Covid: Boris Johnson aiming to set out roadmap dates for 'irreversible' changes to lockdown

  • Video report by ITV News Political Correspondent Carl Dinnen

Boris Johnson has said he hopes to reveal out dates for relaxing England's Covid-19 restrictions when he reveals the route out of lockdown in a week's time, with any easements set to be "cautious but irreversible".

The prime minister said if he "possibly can" he will reveal dates for unlocking each aspect of society next Monday, following a review of coronavirus data this week after the UK reached its first vaccine target of inoculating the 15 million people most vulnerable to Covid-19 by February 15.

It is hoped schools will reopen on March 8, though Mr Johnson said "no decisions" had been taken on how that will work ahead of his "roadmap" being revealed on February 22.

"If we possibly can, we will be setting out dates," the PM said during a visit to Orpington Health and Wellbeing Centre in south-east London.

He further signalled taking a cautious approach by warning that there is an increased chance of new and concerning variants emerging if infections remain high.

"When you have a large level of circulation, when you've got a lot of disease, invariably the vulnerable suffer so that's why we want to drive it right down, keep it right down," he said.

He said if any dates are revealed, they will be based on the best case scenario, and any unwelcome developments in the UK's battle with coronavirus could mean they are pushed back.

Boris Johnson on the roadmap out of lockdown:

"So it's the target date by which we hope to do something at the earliest," he said, adding: "If, because of the rate of infection, we have to push something off a little bit to the right, to lay it for a little bit, we won't hesitate to do that.

"I think people would much rather see a plan that was cautious but irreversible and one that proceeds sensibly in accordance with where we are with the disease."

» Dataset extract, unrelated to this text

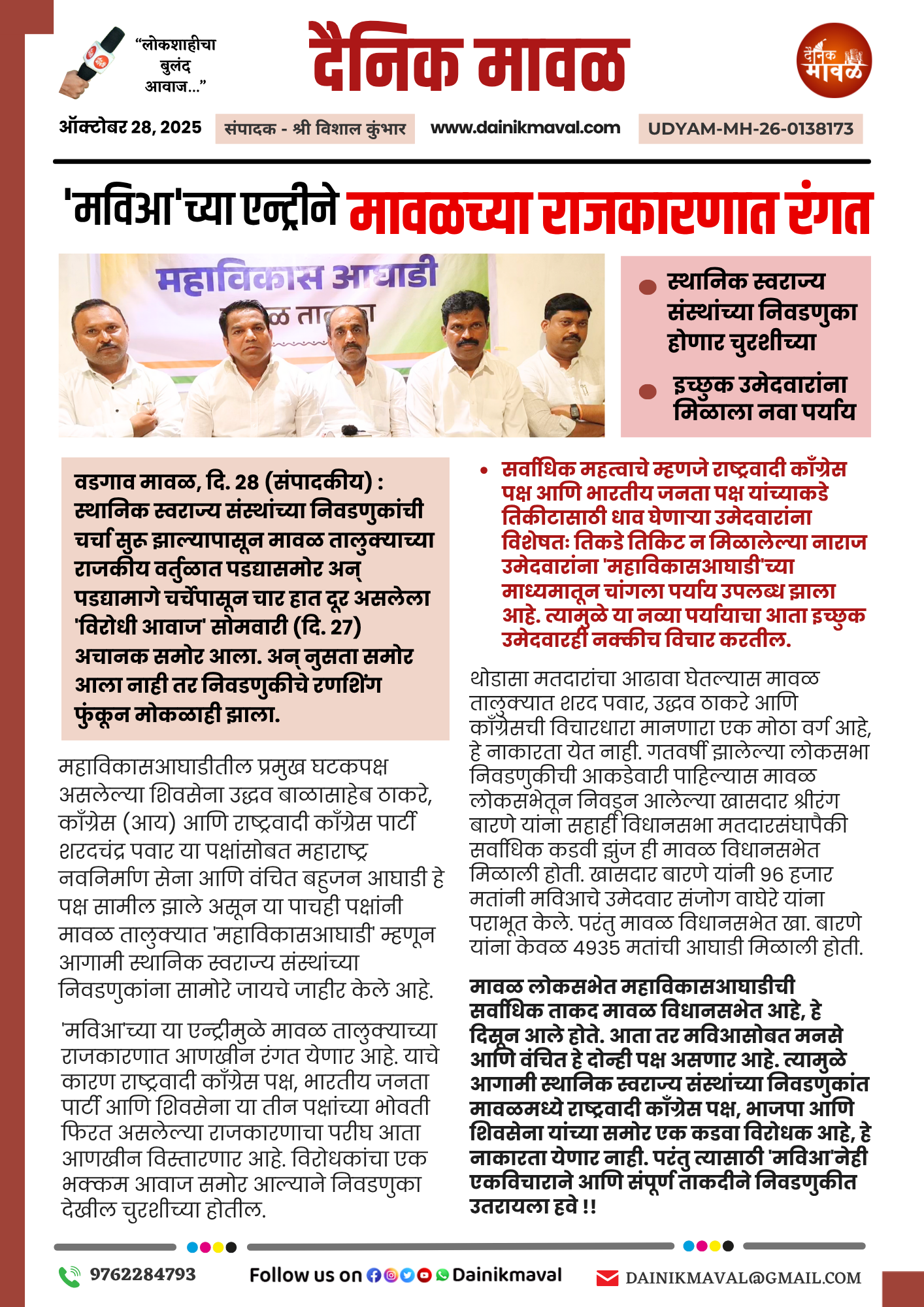 ‘मविआ’च्या या एन्ट्रीमुळे मावळ तालुक्याच्या राजकारणात आणखीन रंगत येणार आहे. याचे कारण राष्ट्रवादी काँग्रेस पक्ष, भारतीय जनता पार्टी आणि शिवसेना या तीन पक्षांच्या भोवती फिरत असलेल्या राजकारणाचा परीघ आता आणखीन विस्तारणार आहे. विरोधकांचा एक भक्कम आवाज समोर आल्याने निवडणुका देखील चुरशीच्या होतील.

Asked whether all schools will reopen at the same time, or whether it will be staggered, the PM said: "No decisions have been taken on that sort of detail yet, though clearly schools on March 8 has for a long time been a priority of the government and of families up and down the country."

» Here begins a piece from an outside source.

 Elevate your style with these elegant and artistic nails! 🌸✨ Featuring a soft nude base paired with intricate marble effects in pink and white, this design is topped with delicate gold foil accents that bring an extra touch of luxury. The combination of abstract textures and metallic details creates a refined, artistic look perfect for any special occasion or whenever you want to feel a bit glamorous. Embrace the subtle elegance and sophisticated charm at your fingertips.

He added: "We've got to be very prudent and what we wanted to see is progress that is cautious but irreversible and I think that's what the public and people up and down the country will want to see."

PM on the reopening of schools:

Mr Johnson also ruled out introducing so-called vaccine passports for activities like going to the pub, though he acknowledged some countries may require proof of a vaccine before tourists are allowed to enter.

He said: "I think inevitably there will be great interest in ideas like can you show that you had a vaccination against Covid in the way that you sometimes have to show you have had a vaccination against Yellow Fever or other diseases in order to travel somewhere.

"I think that is going to be very much in the mix down the road, I think that is going to happen.

"What I don't think we will have in this country is - as it were - vaccination passports to allow you to go to, say, the pub or something like that.

"I think that that would be going it a bit."

Johnson on vaccine passports:

Health Secretary Matt Hancock revealed very little when asked whether some restrictions would be lifted now the first vaccine target had been reached.

He told ITV News "the vaccine is the route out of this pandemic", adding: "The PM will set out the timing of the roadmap and the sorts of decisions we're able to make to release lockdown, we'll set that next Monday.

"The work we'll be doing this week is to make the judgements about what we can do to exit lockdown safely, yet quickly.

"That is the difficult balance, we want a sustainable exit so we don't have to go back into lockdown."

Over the weekend, more than 60 CRG members signed a letter calling for Mr Johnson to commit to a firm timetable ending with the lifting of all legal controls by the end of April.

But Health Secretary Hancock said there is "some way to go" before lockdown is eased, stressing that the Government is awaiting key data on how successfully vaccines reduce transmission.

Scientists have warned that lessons must be learned from the “mistakes” made previously in relaxing lockdown measures too fast.Professor Neil Ferguson, who advises the Government as part of the New and Emerging Respiratory Virus Threats Advisory Group (Nervtag), warned that more information is needed about how effective vaccines are going to be.

He told Good Morning Britain: “We have results from scientific studies, clinical trials, but the real world is a different thing and so, again as the Government has said, we need to see how much protection vaccinated people have, how quickly death rates come down before we can be completely confident about going that next step and really reopening.”

The scientist said he feels it is “quite likely” that all schools in England will reopen on March 8 but said there will then need to be two or three weeks to look at how that affects case numbers.

He said: “The modelling we and other groups and universities in the UK have been doing would suggest there probably is leeway to reopen all schools.

“But of course that poses slightly more of a risk than just, for instance, reopening primary schools.”